Thin-Record Bulk Load Example

The following example shows how to call the thin-record bulk load implementation:
Note: Before executing the following example by using Spark Shell, you must create a table in HBase Shell. Run the code in :paste mode.
import org.apache.hadoop.fs.Path
import org.apache.hadoop.hbase.client.HConnectionManager
import org.apache.hadoop.hbase.mapreduce.{LoadIncrementalHFiles, TableInputFormat}
import org.apache.hadoop.hbase.spark.HBaseRDDFunctions._
import org.apache.hadoop.hbase.spark.{HBaseContext, _}
import org.apache.hadoop.hbase.util.Bytes
import org.apache.hadoop.hbase.{HBaseConfiguration, TableName}
import org.apache.spark.sql.SparkSession
val tableName = "table3"
    val stagingFolder = "/home/mapr"
    val columnFamily1 = "cf1"
    @transient val conf = HBaseConfiguration.create()
    val hbaseContext = new HBaseContext(sc, conf)
    conf.set(TableInputFormat.INPUT_TABLE, tableName)
    conf.set("hbase.zookeeper.quorum", "node1.cluster.com")
    conf.setInt("hbase.zookeeper.property.clientPort", 5181)
    val rdd = sc.parallelize(Array(
      ("1",  List(Bytes.toBytes(columnFamily1), Bytes.toBytes("a"), Bytes.toBytes("foo1"))),
      ("3", List(Bytes.toBytes(columnFamily1), Bytes.toBytes("b"), Bytes.toBytes("foo2.b")))))
    rdd.hbaseBulkLoadThinRows(hbaseContext,
      TableName.valueOf(tableName),
      t => {
        val rowKey = t._1
        val familyQualifiersValues = new FamiliesQualifiersValues
        val q = t._2
        val family:Array[Byte] = q.head
        val qualifier = q(1)
        val value:Array[Byte] = q(2)
        println(s"family: $family")
        println(s"qualifier: $qualifier")
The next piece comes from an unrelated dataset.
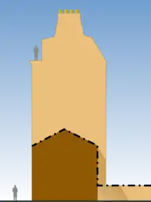 - (Par extension) Surface au-dessus de ladite limite (au-dessus de partie mitoyenne du mur). Elle est réputée appartenir au propriétaire du bâtiment le plus haut.

        println(s"value: $value")
        familyQualifiersValues +=(family, qualifier, value)
        (new ByteArrayWrapper(Bytes.toBytes(rowKey)), familyQualifiersValues)}, stagingFolder, new java.util.HashMap[Array[Byte], FamilyHFileWriteOptions], compactionExclude = false, 20)
    val connection = HConnectionManager.createConnection(conf)
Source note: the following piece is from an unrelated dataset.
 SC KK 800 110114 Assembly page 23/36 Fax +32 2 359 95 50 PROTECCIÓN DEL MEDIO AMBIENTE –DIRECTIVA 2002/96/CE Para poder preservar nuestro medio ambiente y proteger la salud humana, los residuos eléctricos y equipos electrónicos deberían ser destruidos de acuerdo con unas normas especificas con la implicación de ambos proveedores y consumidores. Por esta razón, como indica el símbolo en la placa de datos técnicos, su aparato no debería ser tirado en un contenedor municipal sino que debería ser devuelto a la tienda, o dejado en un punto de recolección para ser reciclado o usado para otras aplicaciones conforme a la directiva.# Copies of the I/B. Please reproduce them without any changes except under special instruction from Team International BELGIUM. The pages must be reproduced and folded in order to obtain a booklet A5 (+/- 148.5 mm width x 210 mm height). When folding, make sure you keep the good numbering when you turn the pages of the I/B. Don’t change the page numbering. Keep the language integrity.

    val table = connection.getTable(TableName.valueOf(tableName))
    val load = new LoadIncrementalHFiles(conf)
    load.doBulkLoad(
      new Path(stagingFolder),
      connection.getAdmin,
      table,
      connection.getRegionLocator(TableName.valueOf(tableName)))

The big difference in using bulk load for thin rows is that the function returns a tuple with the first value being the RowKey and the second value being an object of FamiliesQualifiersValues. FamiliesQualifiersValues contains all the values for this row for all column families.